---- Data extract

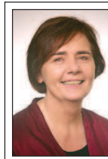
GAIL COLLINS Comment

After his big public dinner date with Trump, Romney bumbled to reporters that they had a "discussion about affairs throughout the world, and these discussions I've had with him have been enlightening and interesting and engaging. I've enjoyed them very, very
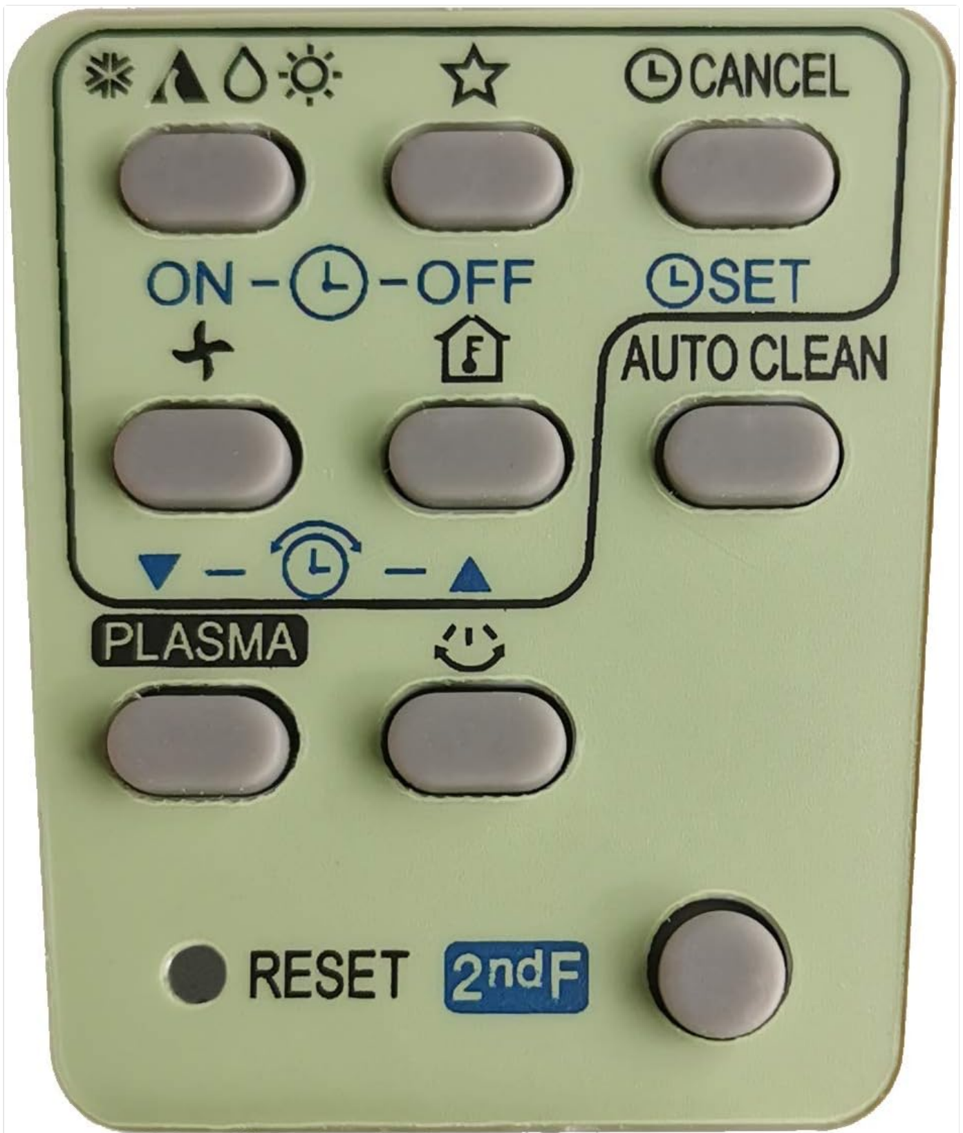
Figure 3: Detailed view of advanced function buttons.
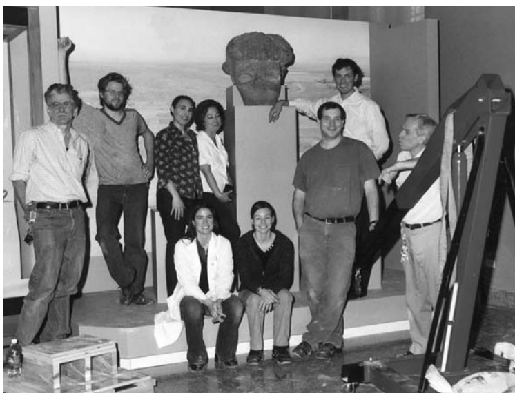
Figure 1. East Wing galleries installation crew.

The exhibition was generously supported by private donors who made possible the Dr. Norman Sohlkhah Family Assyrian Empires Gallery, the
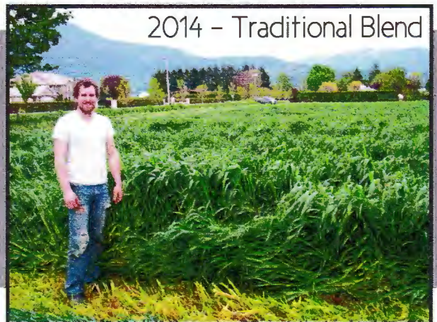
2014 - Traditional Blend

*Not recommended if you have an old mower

--------
---- Data extract

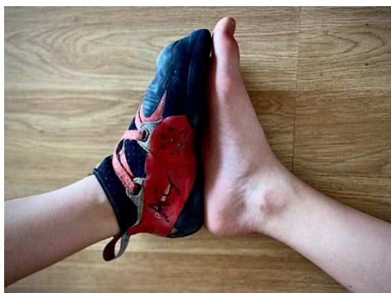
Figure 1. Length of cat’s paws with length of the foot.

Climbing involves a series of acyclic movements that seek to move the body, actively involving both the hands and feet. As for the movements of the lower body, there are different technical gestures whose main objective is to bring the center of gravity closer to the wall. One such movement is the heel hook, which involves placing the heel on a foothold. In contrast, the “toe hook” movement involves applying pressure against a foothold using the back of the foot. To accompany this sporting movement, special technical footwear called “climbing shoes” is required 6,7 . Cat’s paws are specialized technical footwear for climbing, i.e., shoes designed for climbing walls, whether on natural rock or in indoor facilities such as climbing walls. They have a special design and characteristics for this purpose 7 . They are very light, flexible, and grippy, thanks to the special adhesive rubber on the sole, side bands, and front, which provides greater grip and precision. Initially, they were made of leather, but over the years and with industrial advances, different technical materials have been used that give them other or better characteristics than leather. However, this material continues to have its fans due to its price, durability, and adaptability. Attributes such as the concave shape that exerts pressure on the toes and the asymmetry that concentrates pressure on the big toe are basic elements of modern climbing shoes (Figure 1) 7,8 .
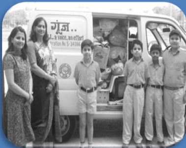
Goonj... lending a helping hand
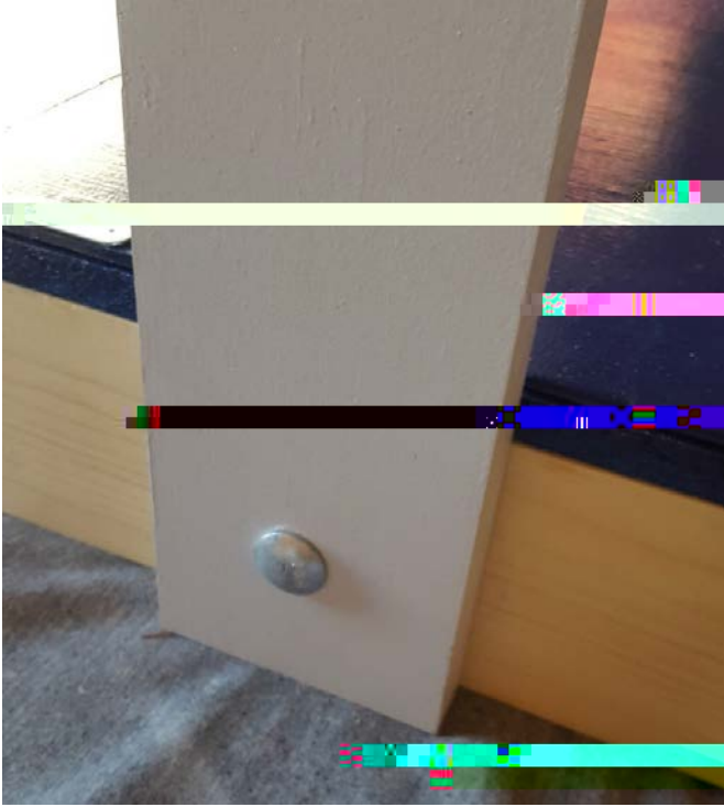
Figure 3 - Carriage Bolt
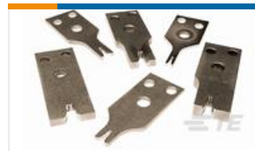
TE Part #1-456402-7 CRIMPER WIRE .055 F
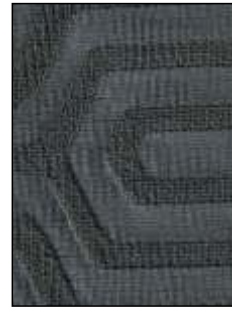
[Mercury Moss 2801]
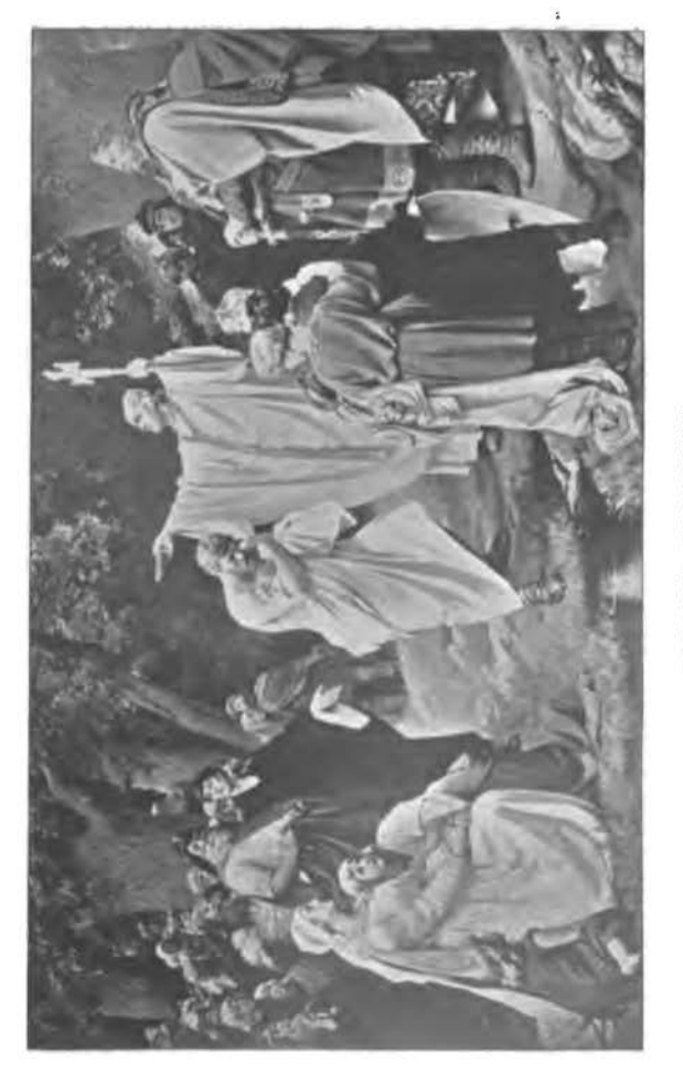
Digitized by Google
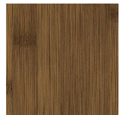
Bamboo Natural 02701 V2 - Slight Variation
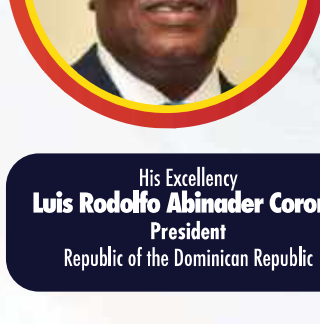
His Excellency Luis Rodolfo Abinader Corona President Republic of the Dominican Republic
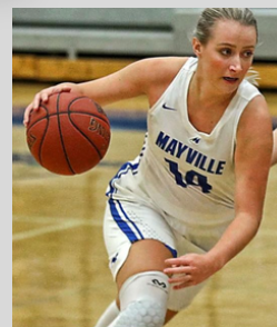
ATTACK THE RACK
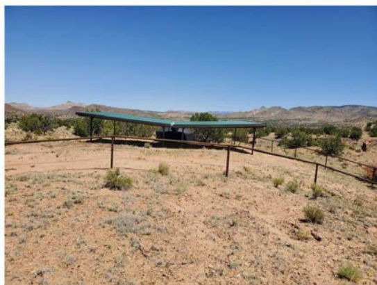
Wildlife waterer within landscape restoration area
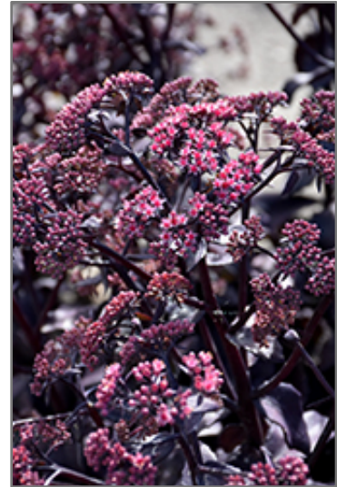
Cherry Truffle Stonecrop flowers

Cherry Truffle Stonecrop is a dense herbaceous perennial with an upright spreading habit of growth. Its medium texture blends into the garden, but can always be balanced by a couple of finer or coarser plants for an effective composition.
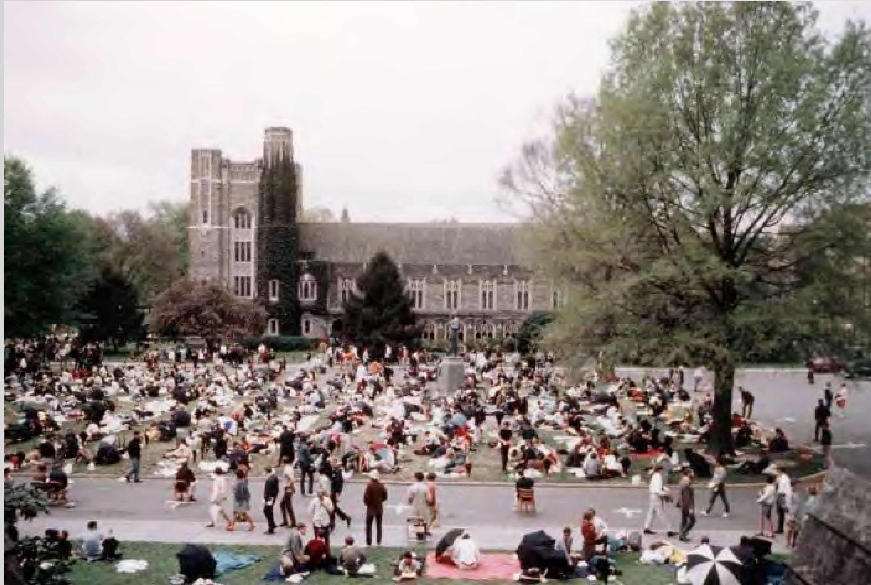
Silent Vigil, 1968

--------

▶ **To do**
Which lines above carry the string "Cherry"? Copy those lines.

▶ **Task output**
Cherry Truffle Stonecrop flowers
Cherry Truffle Stonecrop is a dense herbaceous perennial with an upright spreading habit of growth. Its medium texture blends into the garden, but can always be balanced by a couple of finer or coarser plants for an effective composition.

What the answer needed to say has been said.